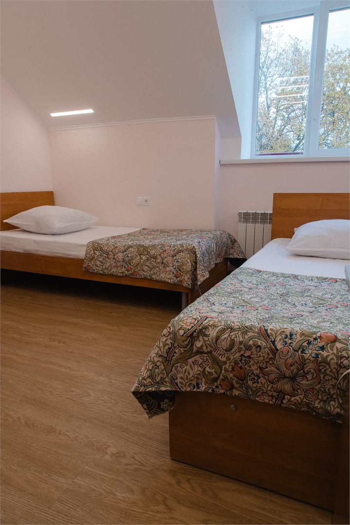 Площадь номера - 24 кв.м. 2 осн. места. 1 доп. место. Мебель: зеркало, кровати односпальные, тумба, шкаф. Оборудование: мини-холодильник, набор посуды, телевизор ЖК. Санузел: с душем, туалетные принадлежности, фен. Сервис: смена полотенец, смена постельного белья, уборка номера.
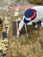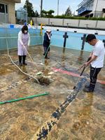 プールに入り込んだ大量の土砂や葉っぱをすくいとる作業中に「キャー!!」の叫び声が。オタマジャクシやカエルもいっぱいいたのです!
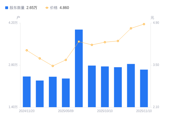 近一年(2024年11月20日至2025年11月10日),茂化实华A股股东户数从2.42万户,增加至2.65万户,增幅9.46%,区间股价上涨23.66%。
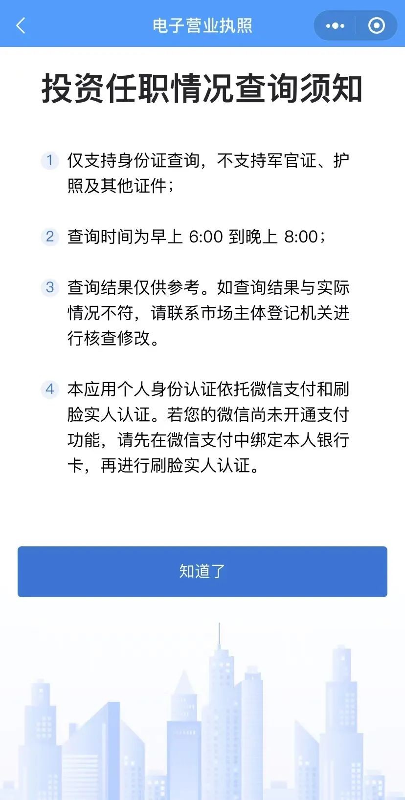 阅读投资任职情况查询须知后点击“知道了”。
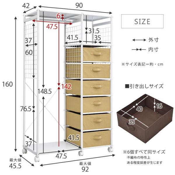 最大値:(約)幅92cm×奥行き45.5cm×高さ160cm
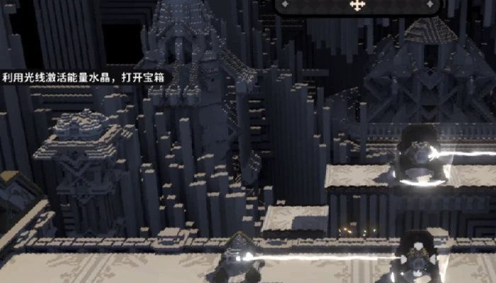 第二关:前行至大平台,交互镜面使其上翻传光;降平台至地面后左移,再次翻转镜面,调右下方镜面角度,将光线反射至右侧区域。

*TO DO*.
The output is the records exactly as they read, with no pictures in it.

*ANSWER BELOW*.
 Площадь номера - 24 кв.м. 2 осн. места. 1 доп. место. Мебель: зеркало, кровати односпальные, тумба, шкаф. Оборудование: мини-холодильник, набор посуды, телевизор ЖК. Санузел: с душем, туалетные принадлежности, фен. Сервис: смена полотенец, смена постельного белья, уборка номера.
 プールに入り込んだ大量の土砂や葉っぱをすくいとる作業中に「キャー!!」の叫び声が。オタマジャクシやカエルもいっぱいいたのです!
 近一年(2024年11月20日至2025年11月10日),茂化实华A股股东户数从2.42万户,增加至2.65万户,增幅9.46%,区间股价上涨23.66%。
 阅读投资任职情况查询须知后点击“知道了”。
 最大値:(約)幅92cm×奥行き45.5cm×高さ160cm
 第二关:前行至大平台,交互镜面使其上翻传光;降平台至地面后左移,再次翻转镜面,调右下方镜面角度,将光线反射至右侧区域。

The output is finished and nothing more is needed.